PS3 Cell Processor 'Broken'?
D-Fly writes "Charlie Demerijian at the Inquirer got a look at some insider specs on the PS3, and says, Sony screwed up big time with the Cell processor; the memory read speed on the current Devkits is something like 3 orders of magnitude slower than the write speed; and is unlikely to improve much before the ship date. The slide from Sony pictured in the article is priceless: 'Local Memory Read Speed ~16Mbps, No this isn't a Typo.' Demerjian says when the PS3 comes out a full year after the XBox360, it's still going to be inferior: 'Someone screwed up so badly it looks like it will relegate the console to second place behind the 360.'" This is the Inquirer, so take with a grain of salt. Just the same, doesn't sound too good for Sony or IBM.
What is this 'local memory'? On-die cache? How the fuck can you screw that up to make it 16Mbit?
PS3 is way overkill for a console anyway. What are they thinking? Not everyone needs a console with 1GB of memory, huge HDD, which also doubles as a DVD Player/Entertainment center/Memory stick player (you betcha sony is already adding THAT feature), oh and can also play some games.
I'm all for Nintendo's new console. Its cheap, it will have amazing games AND they're not trying to make it the center of your digital home.
Microprocessor Online has some an interesting analysis. Pay attention to page 8, where the PS2 "Emotion Engine" processor is compared to the PS3 Cell processor. This is an analyst report for the industry of microprocessors.
If you really want to dig into the details of the Cell processor, check out Sony's resources. You have to agree to a bunch of things to get to the pdfs but there's a lot of information in them. Another place you can find information is IBM's resource site which contains a lot of stuff including the programming handbook.
My work here is dung.
there is no point in judgin a dev kit. x360 kits were shitty too.
[chinese democracy starts now
I'm aware that, in the past, The Inquirer has published questionable articles.

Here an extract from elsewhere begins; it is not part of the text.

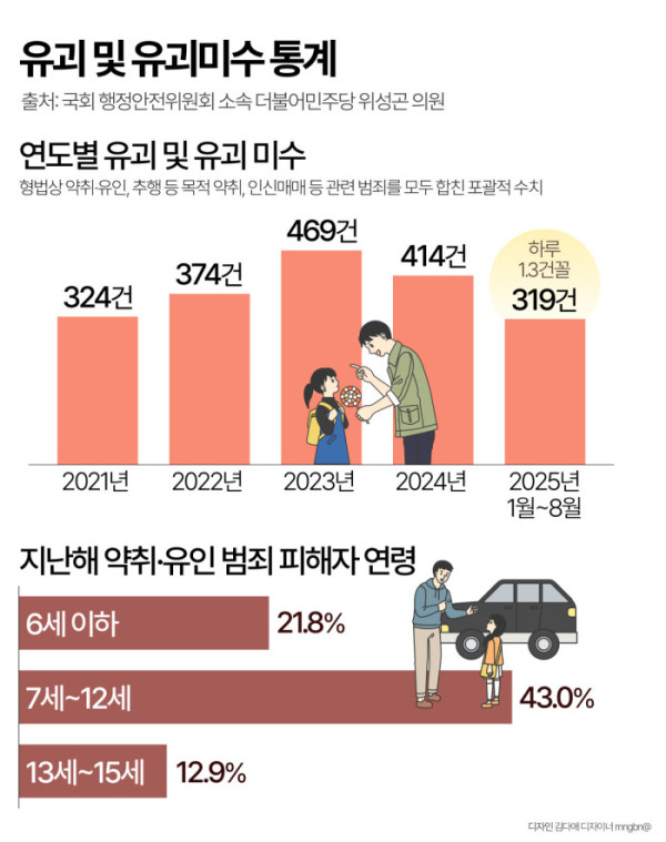 18일 국회 행정안전위원회 소속 더불어민주당 위성곤 의원이 경찰청으로부터 받은 자료에 따르면 올해 1월부터 8월까지 유괴 및 유괴 미수는 319건으로, 이는 하루 1.3건꼴이다.

However, they've certainly got a revealing picture to back it up here...unless they're outright lying and they photoshopped something, why should we take this story with a grain of salt?
ACs are modded -6. I don't read you, I don't mod you, I don't see you. Don't like it? Don't be a coward.
That Ken Kutaragi let his loser long-lost baby brother design the PS3 without looking at the thing or its price tag until it was unvieled?
Monstar L
So what is the difference between the local memory 16MB/s and the main memory 25GB/s 'reading'?
I assume the local memory is not going to be used much for 'reading' and only main memory is going to be used.
"Only one thing, is impossible for god: to find any sense in any copyright law on the planet." Mark Twain
Ah well, it's nothing a complete recall and price increase can't fix...
This reminds me, I am certain to be cruicified for not remembering this bit of trivia, but the PS3 is looking more and more like that car that Homer designed for his brother....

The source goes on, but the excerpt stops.